Sum of square of error can be calculated by the formula given below:

${\displaystyle \sum {}_{\text{groups}}\left(n_i-1\right)s_i{}^2}$

All the required calculation is provided in the table given below:

$n_i-1$	$s_i$	$s_i{}^2$	$\left(n_i-1\right)s_i{}^2$
$20-1=19$	78	$78\times 78=6084$	$6084\times 19=115596$
$20-1=19$	68	$68\times 68=4624$	$4624\times 19=87856$
$20-1=19$	80	$80\times 80=6400$	$6400\times 19=121600$

$\begin{array}{c}SSE=115596+87856+121600\\ =325052\end{array}$

Also, the sum of squares of all the observations is calculated by adding the sum of squares of groups and sum of squares of error, which is shown below:

$\begin{array}{c}{{\displaystyle \sum {}_{obs}\left(x_{ij}-\overline{x}\right)}}^2={{\displaystyle \sum {}_{\text{groups}}{n}_i\left({\overline{x}}_i-\overline{x}\right)}}^2+{\displaystyle \sum {}_{\text{groups}}\left(n_i-1\right)s_i{}^2}\\ =11773.3+325052\\ =336825.33\end{array}$

There are total three groups, so I is equal to 3 and the total number of observations are 60 as there are 20 observations in each group.

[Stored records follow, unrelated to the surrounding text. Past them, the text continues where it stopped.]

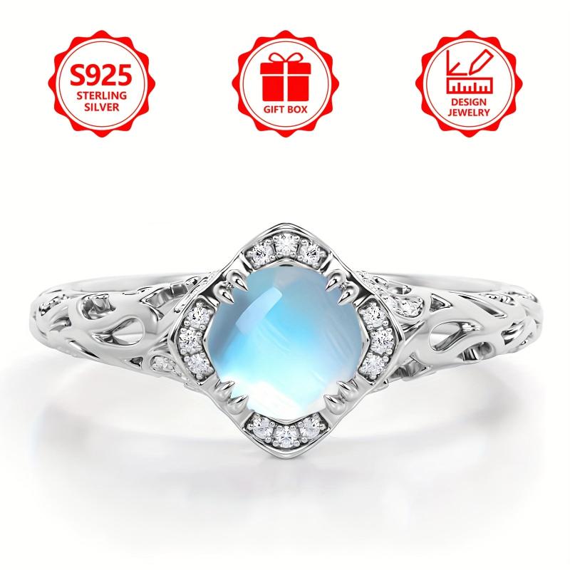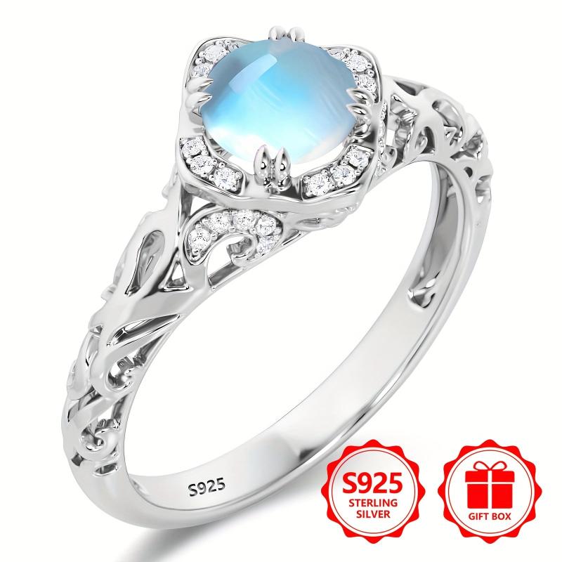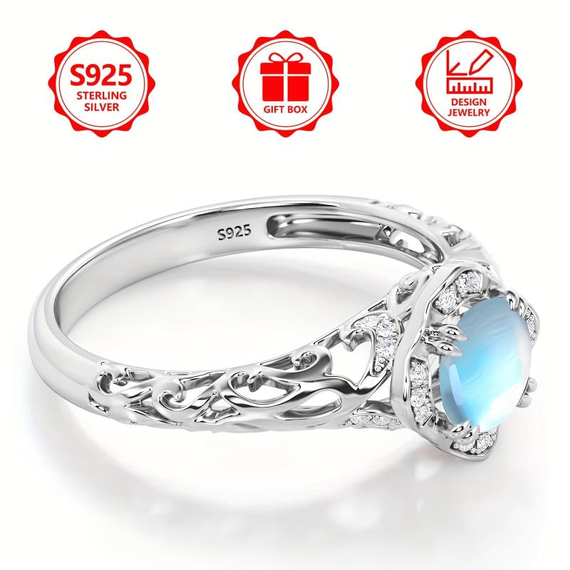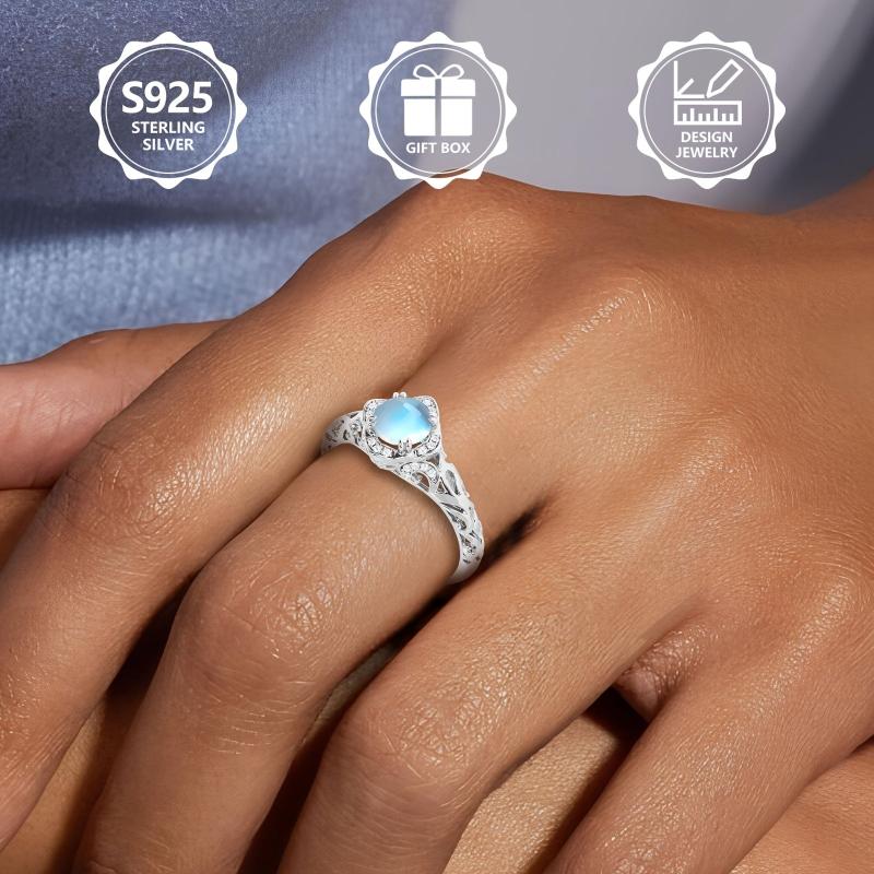 Elegant and lightweight moonstone ring crafted from high-quality 925 sterling silver. Perfect for daily wear, weddings, banquets, and other occasions.
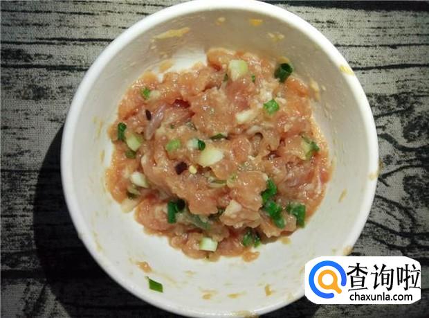 瘦肉是已经剁好的,放入适量的盐和酱油,再加入少量的葱末,搅拌均匀。
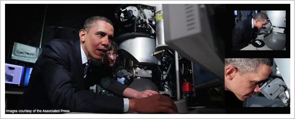 2011年,美國前總統奧巴馬在英特爾參觀TEM實驗室時,用FEI的透射電鏡看到了單個原子,并興奮地表示:“他們讓我對美國的未來感到樂觀。”
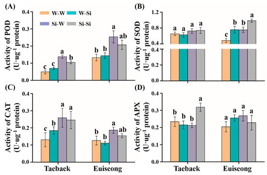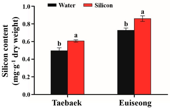 - Hu, J.; Li, Y.; Jeong, B.R. Silicon Alleviates Temperature Stresses in Poinsettia by Regulating Stomata, Photosynthesis, and Oxidative Damages. Agronomy 2020, 10, 1419. [Google Scholar] [CrossRef]
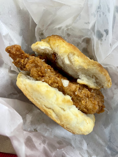 As you can see from the photos in the review below, that "chicken patty" on a biscuit is not real food, but a cheap, processed and probably soy-filled hockey puck. Even if it had been properly cooked, you don't want to eat that junk. I surmise they get all their food from the same place. And if the cooks/servers cared one iota about anything, they would never have served it to anyone, much less...
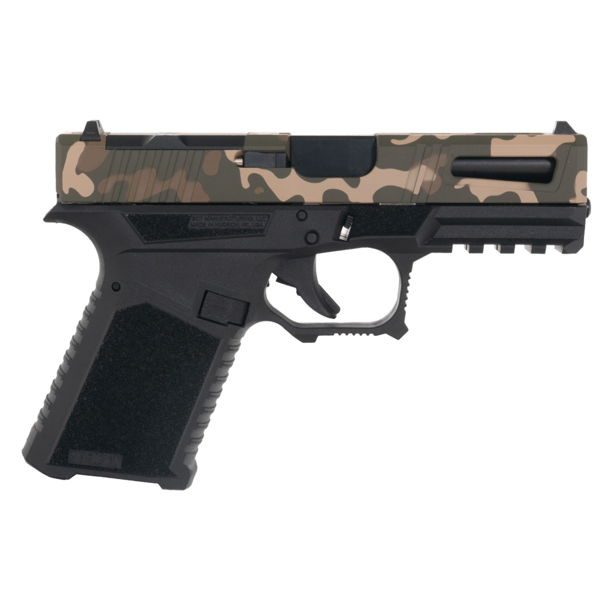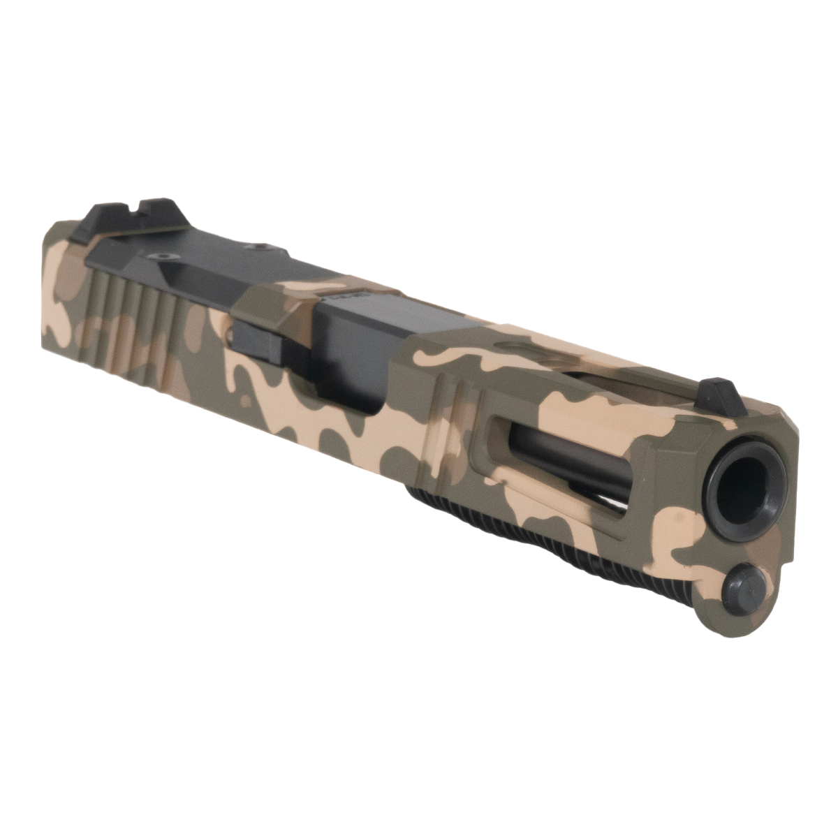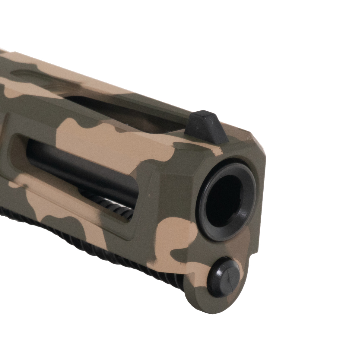 The DTT Stiffler MFG Lionheart Crowned Nitride Barrel OD Camo RMR Complete Slide Kit is engineered for G19 Gen 1-3 compatibility, delivering a robust 9MM option for firearms enthusiasts. The kit features a precision-crafted 416R Stainless Steel barrel finished with a Crowned Nitride coating, offering improved performance and corrosion resistance. The complete slide showcases an OD Camo Cerakote finish, ensuring durability while providing a distinctive camouflage aesthetic.

Therefore, the degree of freedom for the groups, error and total are provided in the table below:

$\begin{array}{c}\text{Groups}=I-1\\ =3-1\\ =2\end{array}$

$\begin{array}{c}\text{Error}=N-I\\ =60-3\\ =57\end{array}$

$\begin{array}{c}\text{Total}=N-1\\ =60-1\\ =59\end{array}$

Mean sum of square of groups can be calculated by the following formula:

$MSG\text{=}\frac{SSG}{DFG}$

Substitute the values of SSG and its respective degree of freedom in the above formula as follows:

$\begin{array}{c}MSG=\frac{SSG}{DFG}\\ =\frac{11773.33}{2}\\ =5886.67\end{array}$

Mean sum of square of error can be calculated by the formula mentioned below:

$MSE\text{=}\frac{SSE}{DFE}$

Substitute the values of SSE and its respective degree of freedom in the above formula as follows:

$\begin{array}{c}MSE\text{=}\frac{SSE}{DFE}\\ =\frac{325052}{57}\\ =5702.67\end{array}$

The F-statistic can be calculated by the formula mentioned below:

$F=\frac{MSG}{MSE}$

Substitute the values of MSG and MSE in the formula as follows:

$\begin{array}{c}F=\frac{MSG}{MSE}\\ =\frac{5886.67}{5702.67}\\ =1.0323\end{array}$

The required ANOVA table is provided below:

Sources	Degree of freedom	Sum of square	Mean sum of square	F
Groups	2	11773.33	5886.67	1.0323
Error	57	325052	5702.67
Total	59	336825.33

The P-value on the basis of F statistic and degree of freedom can be calculated by using the software Microsoft excel as shown in the snapshot below:

Insert the values of x, degree of freedom1, and degree of freeom2, and press enter. The output is shown below in the snapshot:

The null hypothesis $\left(H_0\right)$ and alternative hypothesis $\left(H_{\alpha }\right)$ are shown below:

$H_0:$ ${\mu }_1={\mu }_2={\mu }_3$

$H_a:$ Means are not all equal.

The P-value 0.362749 is greater than the 0.05 level of significance, therefore the null hypothesis is not rejected.

Interpretation: Since the Null hypothesis is not rejected, so it can be concluded that the mean time of all three joysticks to complete the navigation mission is same.